In a game that also featured Andy Carroll, Peter Crouch proved why he might just be the best “big man” in the Premier League. The former Liverpool striker is the lynchpin of Stoke’s attacking play even if the club have only struck 10 goals in their opening 12 league games.

However, Crouch is much more than a gangly target that Stoke ping the ball to. To us the old adage for football, Crouch has “good feet for a big man” and the Potters are wise to use them to their advantage. Long, high balls in the air that can be knocked down into the path of on-rushing support or short, snap passes usually taken under control in the narrowest of gaps; Crouch’s abilities allow Stoke two main options in their play.

They can try either of them to get around an opponent, and he won’t struggle to lead the line. The club need only point at the spectacular goal that he struck against Manchester City last season as an example of the technical ability Peter possesses. Of course, it came from a long ball.

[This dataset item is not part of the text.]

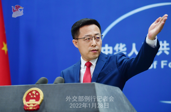1月28日下午,在外交部例行记者会上,外交部发言人赵立坚介绍了“和平·友谊·爱”音乐会情况。

Tony Pulis has assembled what just might be his most attacking team around Crouch. Jonathan Walters, Matthew Etherington, Charlie Adam and Michael Kightly are all players who can help Crouch score but also register themselves. Pulis, in previous seasons, usually sacrificed two midfielders so that his side retained their defensive shape.

Recent months have seen Pulis adding a more attacking edge to his team. Crouch and Michael Owen, should the latter shake off the seemingly endless stream of niggling injuries that are weighing him down, have the potential to score goals together. Their partnership for England has already yielded goals and they can do the same at the Britannia.

It is obvious already, even 12 games into a season, that Crouch is key for Stoke this season. The striker is probably deserving of more international appearances than he has won so far; but Stoke won’t mind that he isn’t in and around Roy Hodgson’s squad for now. The 6’ 7 tall striker always speaks of his desire to play for England but he needs to start finding the net again to force the new manager’s hand.

Tony Pulis will no doubt worry that Crouch hasn’t scored since September 29th against Swansea. The longer the poor run continues, the more he will be tempted to change a game plan that will, so long as he perseveres, keep Stoke safe.